The department of geography launches new environmental science and conservation program

Written by Ruth Wendlandt on |
Students doing classwork outside
Dr. Chris Underwood and student
Dr. Chris Underwood conducting fieldwork with student (2017)

The University of Wisconsin-Platteville Department of Geography is now offering a new undergraduate degree, environmental science and conservation. The program launched this fall with more than a dozen students declaring the major.

“The B.S. in environmental science and conservation is a multi-dimensional degree built upon curriculum from the natural, physical and social sciences, as well as the humanities and technology,” said Dr. Kory Wein, interim dean of the College of Liberal Arts and Education. “The College of LAE is the perfect home for such a diverse degree. This offering provides a highly desirable major that will engage our students in modern approaches to environmental stewardship and conservation and prepare them to solve environmental problems in the 21st century.”

According to Dr. Chris Underwood, associate professor of geography and department chair, the program is transdisciplinary and comes at a crucial time when there are so many critical environmental issues to address. In developing the curriculum Underwood worked with a team consisting of two faculty members from the Colleges of BILSA and LAE and one faculty member from the College of EMS.

“We are at a stage globally as a species that we have never faced before. We have created so many issues on the land, in the air and water,” he said. “It is one of the most important majors we could offer at the university right now.”

Prior to unveiling the program, the department of geography only offered an environmental science minor. Now that the major has gone live, Underwood said he’s been receiving positive feedback from both current and prospective students.

“My excitement is off the charts. I’m absolutely thrilled to be able to offer this curriculum to our students,” he said. “In these first few months, we have had students declare this as their first major and a handful of students who have transitioned from other degrees into this degree. We are also seeing high school students who are signing up for virtual visits.”

The new program curriculum focuses on five major themes: foundational environmental principals, people in the environment, land conservation and management, physical resources and environmental systems, and environmental issues and policy. Within all of these major themes, students will have opportunities in field-based learning, geospatial techniques (e.g., GIS), and undergraduate research opportunities.

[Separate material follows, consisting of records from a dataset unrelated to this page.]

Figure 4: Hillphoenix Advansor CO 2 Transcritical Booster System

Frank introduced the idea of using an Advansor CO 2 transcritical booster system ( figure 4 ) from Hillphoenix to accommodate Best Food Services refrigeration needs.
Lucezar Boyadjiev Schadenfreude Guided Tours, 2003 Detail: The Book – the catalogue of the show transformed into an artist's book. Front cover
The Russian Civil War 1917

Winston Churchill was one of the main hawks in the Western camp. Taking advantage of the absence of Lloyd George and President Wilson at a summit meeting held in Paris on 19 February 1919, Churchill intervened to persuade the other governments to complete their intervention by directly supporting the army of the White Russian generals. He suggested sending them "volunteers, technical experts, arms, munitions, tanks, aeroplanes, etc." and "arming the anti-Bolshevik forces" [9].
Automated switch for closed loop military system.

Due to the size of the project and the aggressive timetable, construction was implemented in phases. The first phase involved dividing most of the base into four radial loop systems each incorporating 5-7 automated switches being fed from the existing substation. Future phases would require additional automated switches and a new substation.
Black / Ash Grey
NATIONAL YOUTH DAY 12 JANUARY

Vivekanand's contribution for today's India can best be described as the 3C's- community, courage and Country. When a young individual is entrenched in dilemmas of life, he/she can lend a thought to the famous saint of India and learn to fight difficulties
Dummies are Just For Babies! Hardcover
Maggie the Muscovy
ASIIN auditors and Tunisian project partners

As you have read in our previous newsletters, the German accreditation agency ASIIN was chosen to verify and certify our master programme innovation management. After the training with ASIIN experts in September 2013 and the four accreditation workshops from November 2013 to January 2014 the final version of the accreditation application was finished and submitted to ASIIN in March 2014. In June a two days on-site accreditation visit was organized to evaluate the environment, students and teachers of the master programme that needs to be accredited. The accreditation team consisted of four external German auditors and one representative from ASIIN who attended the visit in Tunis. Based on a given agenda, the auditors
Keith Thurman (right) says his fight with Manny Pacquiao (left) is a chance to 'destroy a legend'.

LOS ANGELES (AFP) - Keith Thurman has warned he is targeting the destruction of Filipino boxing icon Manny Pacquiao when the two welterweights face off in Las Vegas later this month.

“Our department has a long and rich history of field-based courses,” Underwood said. “We cannot have a degree like this and not take our students outdoors and teach in the outdoor living laboratory. We will continue and grow that tradition with this new degree.”

Another aspect of the program is an emphasis on students learning the human history of the land. Faculty in environmental science and conservation and other departments in the College of LAE are in the process of crafting a Land Acknowledgement Statement that will encourage students to reflect on the people who originally inhabited this land.

“Most modern cities and towns in the United States, including the colleges and universities therein, exist today because in the not-too-distant past, European colonizers took this land from Native Americans,” Underwood said. “For the new environmental science and conservation major one of the things we want our students to walk away with is a full understanding of not only western science, but also how Indigenous people cared for the land.”

Underwood is looking forward to what lies ahead for the program. He hopes graduates earning this degree will be even more mindful and better stewards of the land.

“We are excited about the trajectory of this major and the potential collaborations with other environmental and sustainability geared programs on campus,” he said. “I think there is so much potential for us to work together and deliver a world class environmental education for UW-Platteville students.”